The following HTML text is provided to enhance online
readability. Many aspects of typography translate only awkwardly to HTML.
Please use the page image
as the authoritative form to ensure accuracy.
The committee responsible for VAO found that there was inadequate or insufficient information to determine whether an association existed between exposure to the chemicals of interest (2,4-D, 2,4,5-T or its contaminant TCDD, picloram, or cacodylic acid) and leukemia. Additional information available to the committees responsible for Update 1996, Update 1998, and Update 2000 did not change that finding (see Table 6-49).

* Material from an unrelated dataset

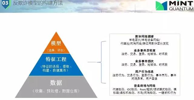 我們常用的一些反欺詐的數(shù)據(jù)和方法有:(1)身份驗證,這個是非常重要的,身份驗證在中國很偉大,如中國解決了第三方欺詐的問題。因為中國手機實名認證,有些時候你很難去做假,這樣我們可以交叉驗證,這樣就提高了欺詐的成本;(2)法院/征信信息,內(nèi)部黑名單,有公司會專門整理這些信息,可以公開給我們使用。用戶信息整合,通過各公司間信息碰撞,規(guī)則匹配,如果發(fā)現(xiàn)過去欺詐行為就不給他提供金融服務(wù);(3)模型,評估用戶行為,進行規(guī)則評判他這種行為是不是欺詐,如何減少錯殺準確抓住欺詐人員。

Update of the Scientific Literature
Occupational Studies
Burns et al. (2001) reported data on a cohort of 1,517 male workers involved in the manufacture or formulation of 2,4-D in 1945–1994. A job–exposure matrix was developed to assign workers to exposure categories based on measurements of time-weighted average exposure. Mortality in the study cohort was compared with mortality for all white US males and for an internal reference population of nonexposed manufacturing workers in the same company (see Chapter 4 for study details). Mortality from leukemia in the entire cohort was similar to rates in all US males (four deaths; SMR = 1.3, 0.4 –3.3). Similar results were obtained in an analysis based on a 20-year induction period. In the comparison with nonexposed workers, an excess in lymphopoietic mortality was noted in workers with high-cumulative-dose exposure to 2,4-D (four deaths; RR = 2.1 for 0-year induction and 2.7 for 20-year induction). That subgroup of exposed workers did not experience deaths from non-Hodgkin's lymphoma but may have included deaths from Hodgkin's disease and MM in addition to leukemia.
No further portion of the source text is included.